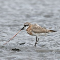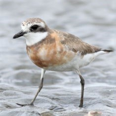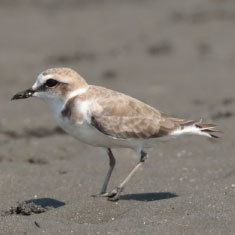 留鳥として年間を通じて見られるチドリです。特に夏に多くみられます。上面が灰褐色で下面が白色。夏羽になると雄は額と眉が白く、前頭と過眼線は黒くなり、頭頂も橙褐色になります。潮が引くと干潟でゴカイなどを探して歩く様子が見られます。
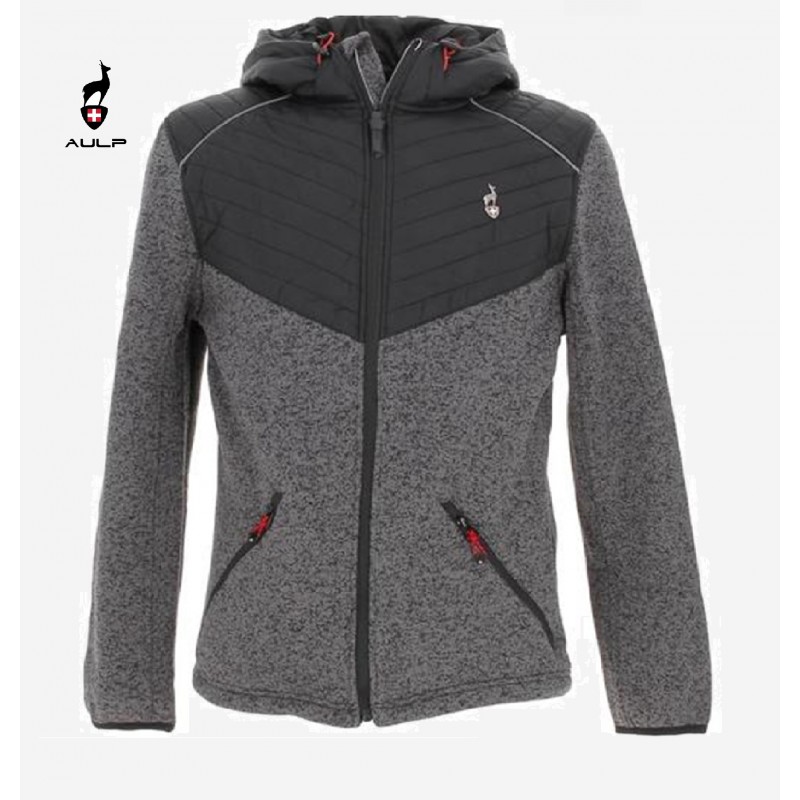 Veste polaire hybride AULP homme à capuche , matelassée/ chinée Homme Noir
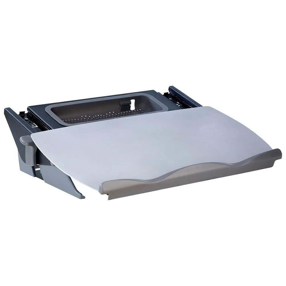 La plateforme glisse vers l'avant en continu pour couvrir le clavier et créer un coussin de bureau ergonomique
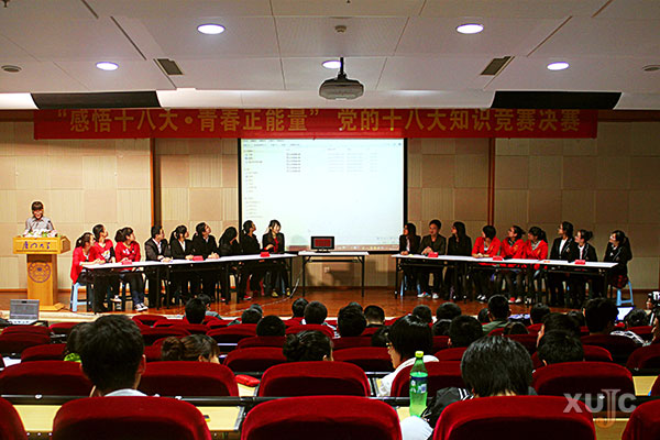 12月21日晚,“感悟十八大,青春正能量”党的十八大知识竞赛决赛在主楼群3号楼小报告厅开赛。物流管理系以最终得分160分夺得一等奖。会计系和国际经贸系获二等奖,财政金融系、法学院和人文与传播学院获三等奖。

EXERCISE GOAL:
The pictures stay out; copy the rest of the data word for word.

RESPONSE TO THE TASK:
 留鳥として年間を通じて見られるチドリです。特に夏に多くみられます。上面が灰褐色で下面が白色。夏羽になると雄は額と眉が白く、前頭と過眼線は黒くなり、頭頂も橙褐色になります。潮が引くと干潟でゴカイなどを探して歩く様子が見られます。
 Veste polaire hybride AULP homme à capuche , matelassée/ chinée Homme Noir
 La plateforme glisse vers l'avant en continu pour couvrir le clavier et créer un coussin de bureau ergonomique
 12月21日晚,“感悟十八大,青春正能量”党的十八大知识竞赛决赛在主楼群3号楼小报告厅开赛。物流管理系以最终得分160分夺得一等奖。会计系和国际经贸系获二等奖,财政金融系、法学院和人文与传播学院获三等奖。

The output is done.